=== THE TASK ===
Return the lines of the material below exactly, beginning with the line that has "Like the previous" in it and finishing with the line that has "Сувенир полистоун водяной" in it. Leave all pictures aside.

=== DATA SUPPLIED ===
--------------------------------
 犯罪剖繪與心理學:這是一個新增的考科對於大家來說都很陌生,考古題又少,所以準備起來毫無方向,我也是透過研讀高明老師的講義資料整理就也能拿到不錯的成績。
--------------------------------
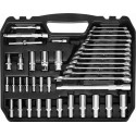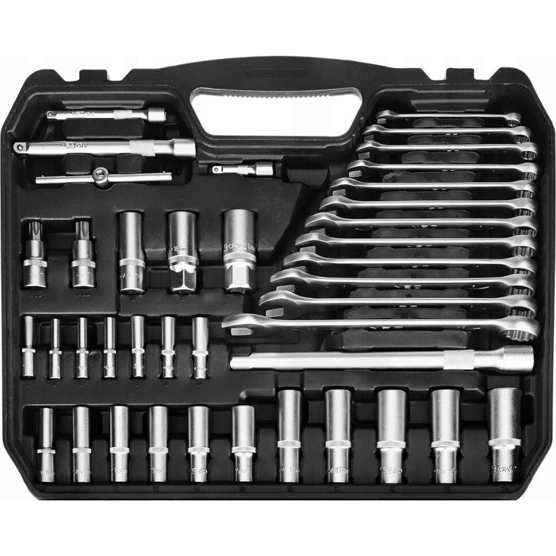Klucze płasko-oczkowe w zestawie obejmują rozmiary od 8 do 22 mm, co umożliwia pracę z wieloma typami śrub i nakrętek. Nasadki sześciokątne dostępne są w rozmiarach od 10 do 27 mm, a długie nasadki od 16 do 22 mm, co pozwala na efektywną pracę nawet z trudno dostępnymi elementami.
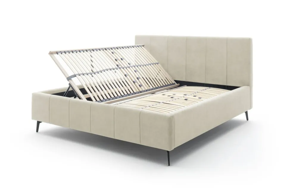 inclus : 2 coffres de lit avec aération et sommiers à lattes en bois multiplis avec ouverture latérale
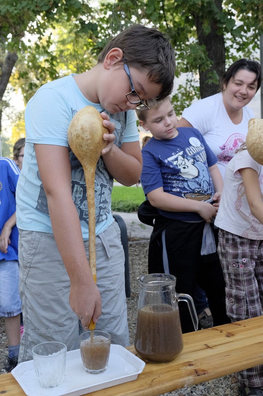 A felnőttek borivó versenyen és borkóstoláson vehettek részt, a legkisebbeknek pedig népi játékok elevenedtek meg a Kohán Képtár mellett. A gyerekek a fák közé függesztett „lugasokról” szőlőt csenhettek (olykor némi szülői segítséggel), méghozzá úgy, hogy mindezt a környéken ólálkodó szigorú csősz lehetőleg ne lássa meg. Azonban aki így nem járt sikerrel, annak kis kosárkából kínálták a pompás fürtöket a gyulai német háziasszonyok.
--------------------------------
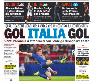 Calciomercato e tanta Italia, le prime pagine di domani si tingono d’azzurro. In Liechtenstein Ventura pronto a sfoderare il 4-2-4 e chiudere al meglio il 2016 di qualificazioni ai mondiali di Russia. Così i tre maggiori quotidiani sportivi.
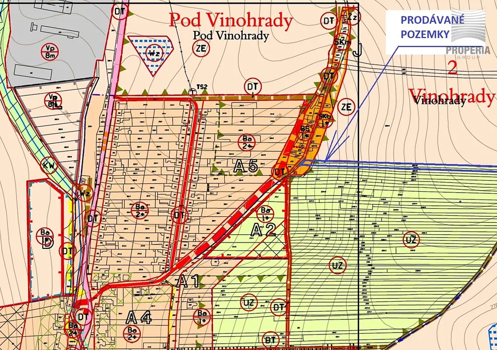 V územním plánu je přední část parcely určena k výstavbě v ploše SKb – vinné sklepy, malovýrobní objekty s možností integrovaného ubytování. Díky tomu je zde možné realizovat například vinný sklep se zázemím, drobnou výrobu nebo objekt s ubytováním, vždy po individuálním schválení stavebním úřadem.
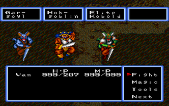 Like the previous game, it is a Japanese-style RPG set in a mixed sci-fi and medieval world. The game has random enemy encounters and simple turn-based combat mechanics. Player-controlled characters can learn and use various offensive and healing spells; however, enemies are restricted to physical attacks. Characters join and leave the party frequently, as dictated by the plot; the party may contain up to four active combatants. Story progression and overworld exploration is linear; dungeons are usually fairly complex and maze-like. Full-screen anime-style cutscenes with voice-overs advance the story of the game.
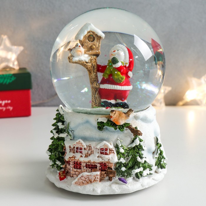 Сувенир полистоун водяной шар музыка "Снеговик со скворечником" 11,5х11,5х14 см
--------------------------------
=== SOLUTION FOR THIS EXERCISE ===
 Like the previous game, it is a Japanese-style RPG set in a mixed sci-fi and medieval world. The game has random enemy encounters and simple turn-based combat mechanics. Player-controlled characters can learn and use various offensive and healing spells; however, enemies are restricted to physical attacks. Characters join and leave the party frequently, as dictated by the plot; the party may contain up to four active combatants. Story progression and overworld exploration is linear; dungeons are usually fairly complex and maze-like. Full-screen anime-style cutscenes with voice-overs advance the story of the game.
 Сувенир полистоун водяной шар музыка "Снеговик со скворечником" 11,5х11,5х14 см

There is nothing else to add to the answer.